Exactly the lines below from the line with "3月12日早晨,李杰在运送快递的路上。新华社记者张玉薇摄" through the line with "Der Jakominiplatz ist" must make up the answer, both ends included and pictures left out.

Supplied material:
★ ★ ★

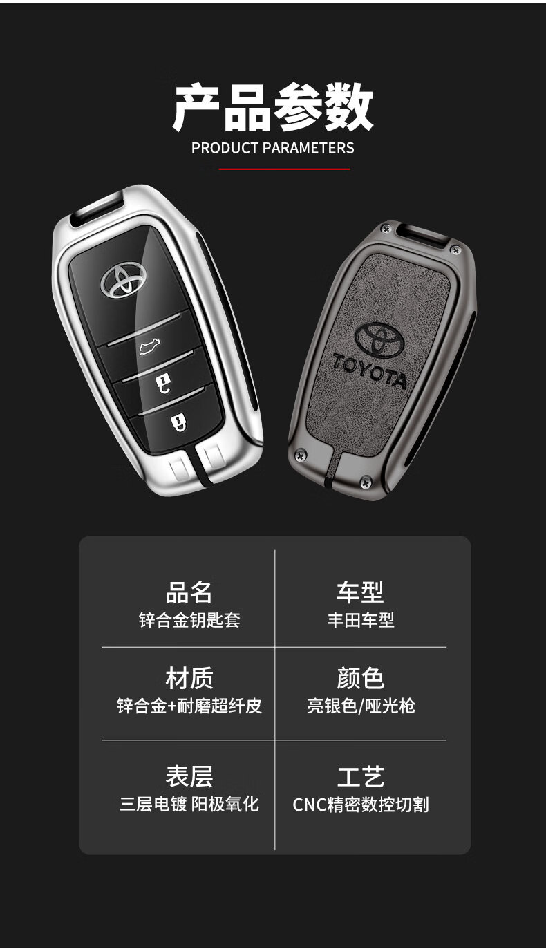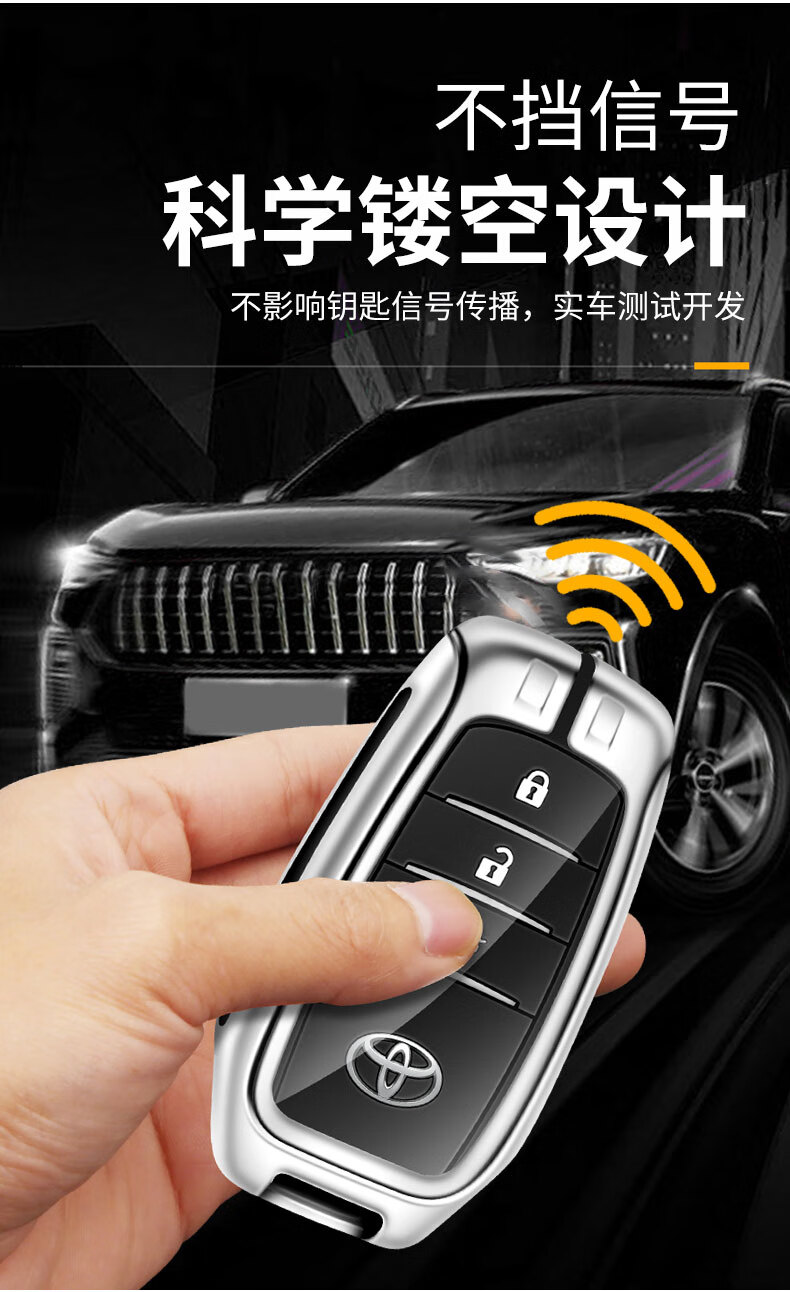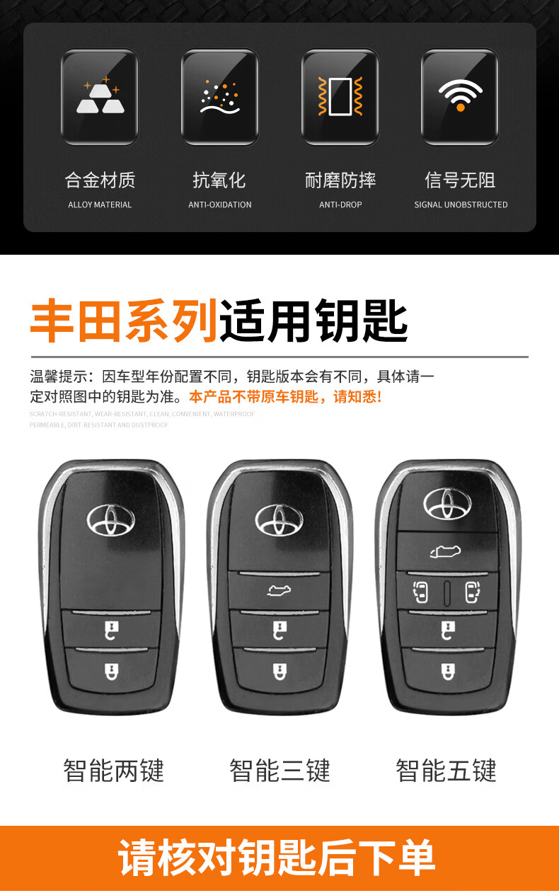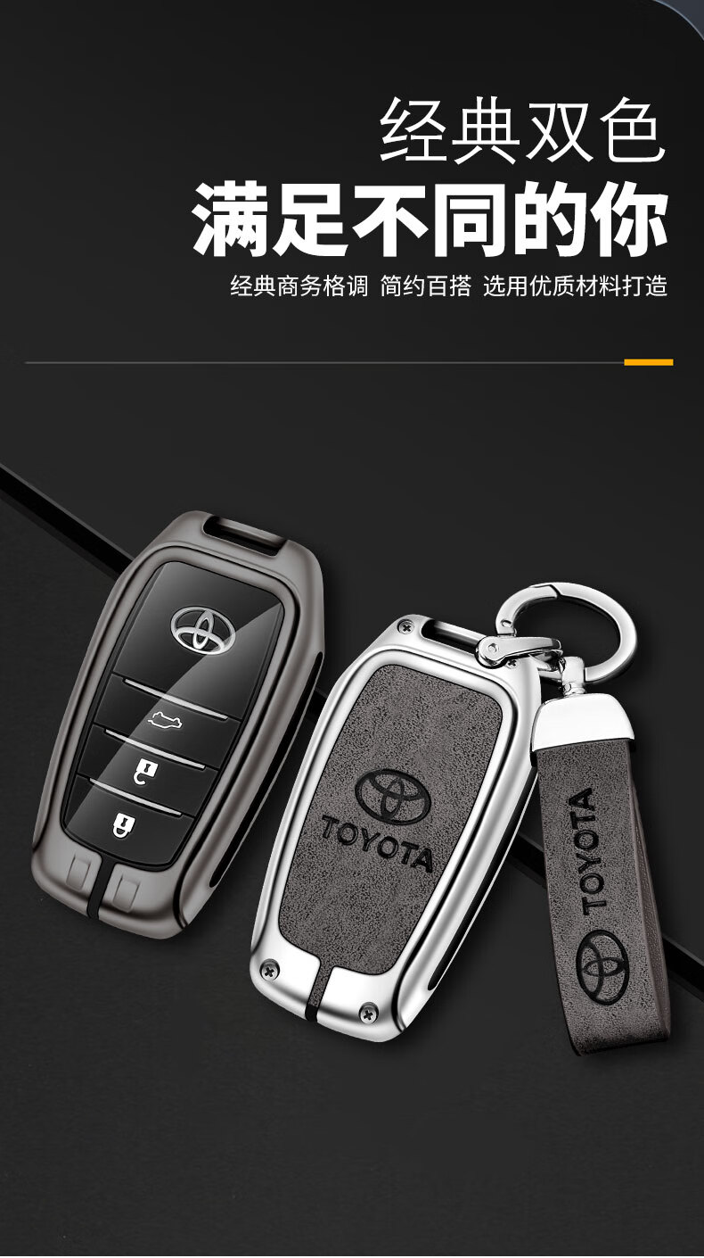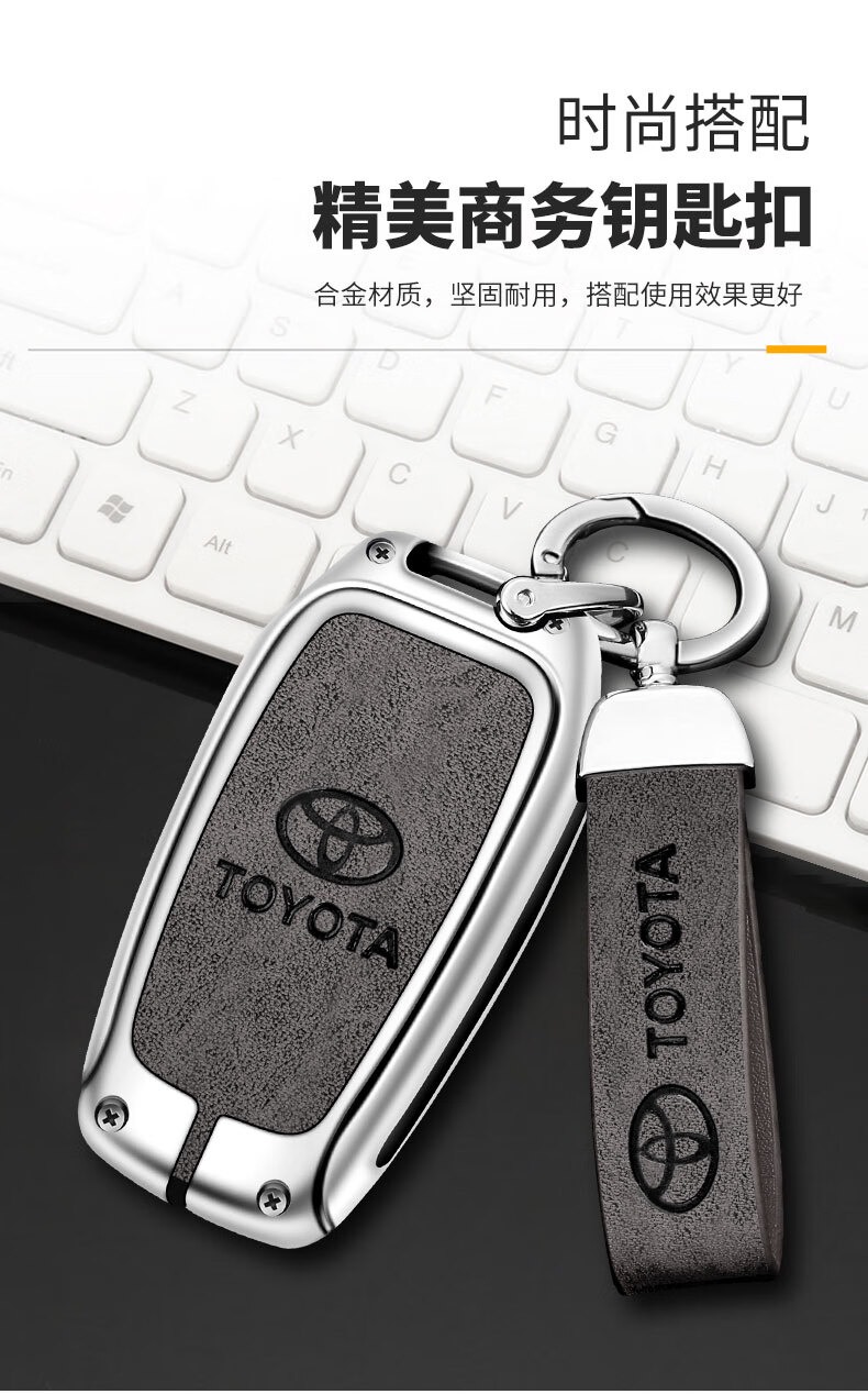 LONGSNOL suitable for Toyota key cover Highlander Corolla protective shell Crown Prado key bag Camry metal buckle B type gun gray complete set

★ ★ ★

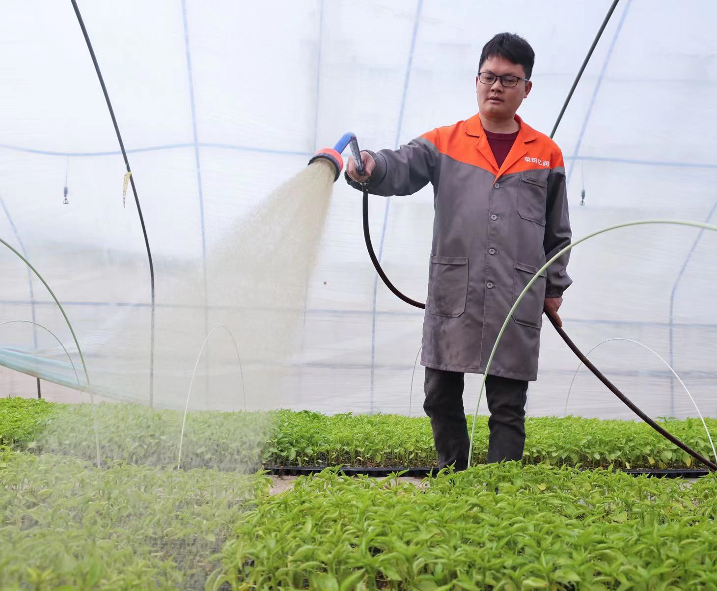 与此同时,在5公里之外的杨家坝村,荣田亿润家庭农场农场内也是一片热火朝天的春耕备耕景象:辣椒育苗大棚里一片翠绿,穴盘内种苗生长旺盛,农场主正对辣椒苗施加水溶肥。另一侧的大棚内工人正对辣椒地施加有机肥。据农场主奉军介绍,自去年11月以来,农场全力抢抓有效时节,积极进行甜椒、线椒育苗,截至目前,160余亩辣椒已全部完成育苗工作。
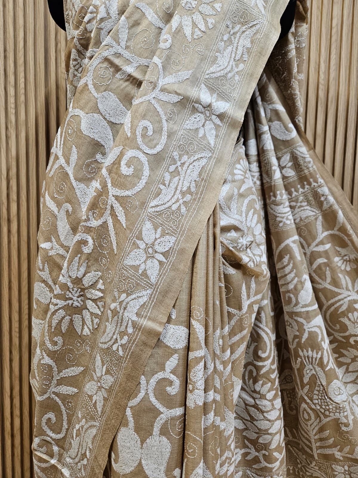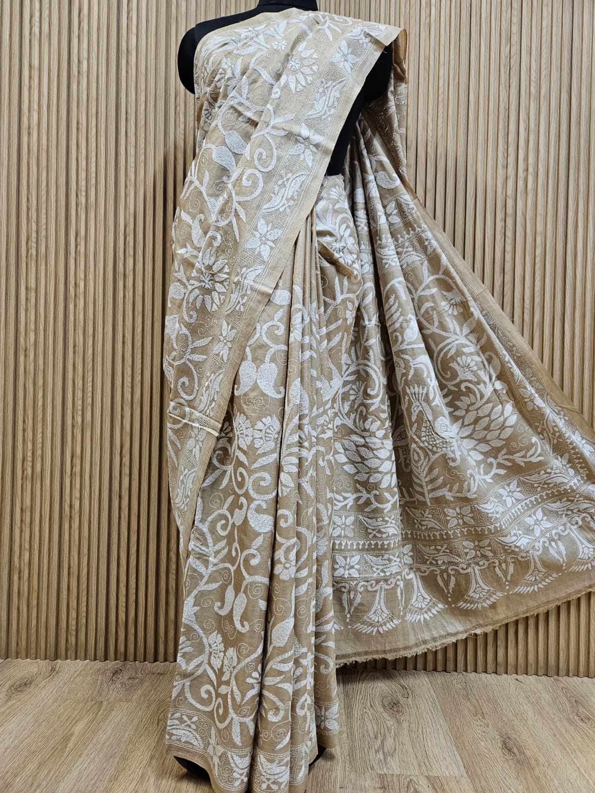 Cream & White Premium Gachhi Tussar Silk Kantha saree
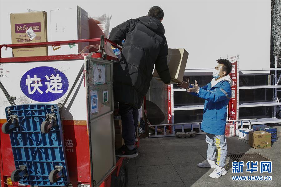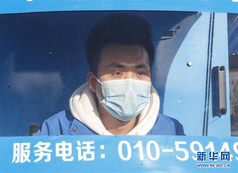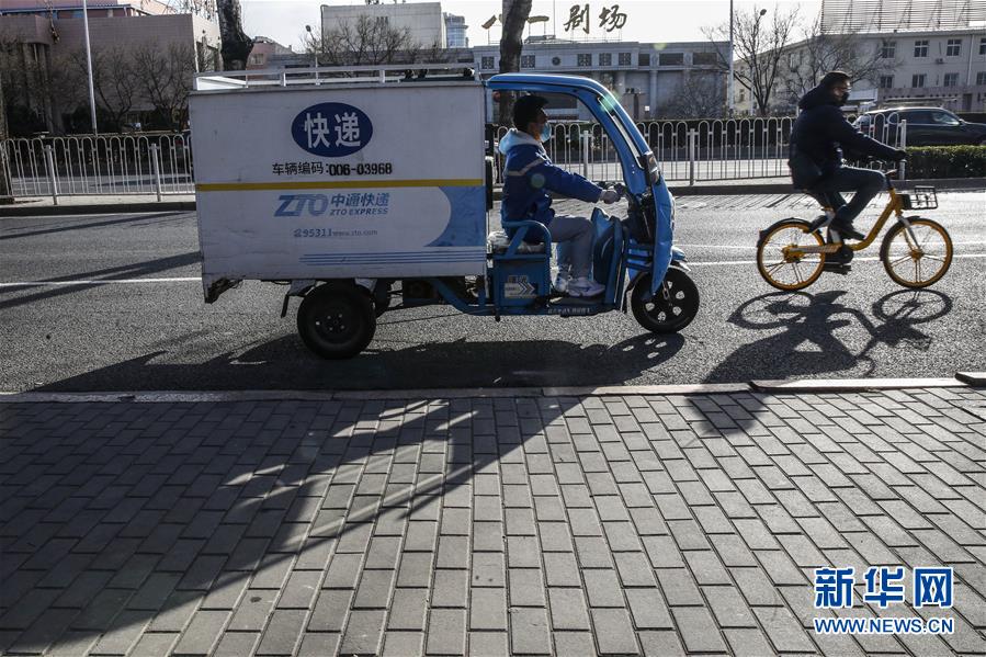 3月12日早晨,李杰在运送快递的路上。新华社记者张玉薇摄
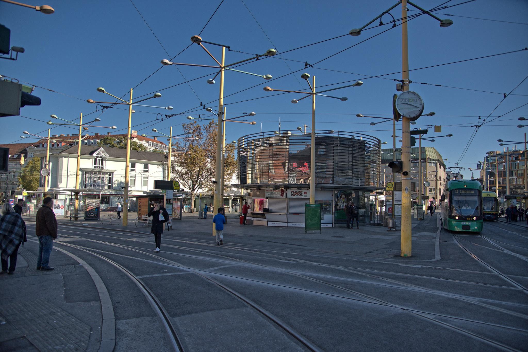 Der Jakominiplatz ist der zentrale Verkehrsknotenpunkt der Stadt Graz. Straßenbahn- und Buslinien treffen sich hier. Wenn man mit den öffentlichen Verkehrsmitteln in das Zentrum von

★ ★ ★

Task answer:
 3月12日早晨,李杰在运送快递的路上。新华社记者张玉薇摄
 Der Jakominiplatz ist der zentrale Verkehrsknotenpunkt der Stadt Graz. Straßenbahn- und Buslinien treffen sich hier. Wenn man mit den öffentlichen Verkehrsmitteln in das Zentrum von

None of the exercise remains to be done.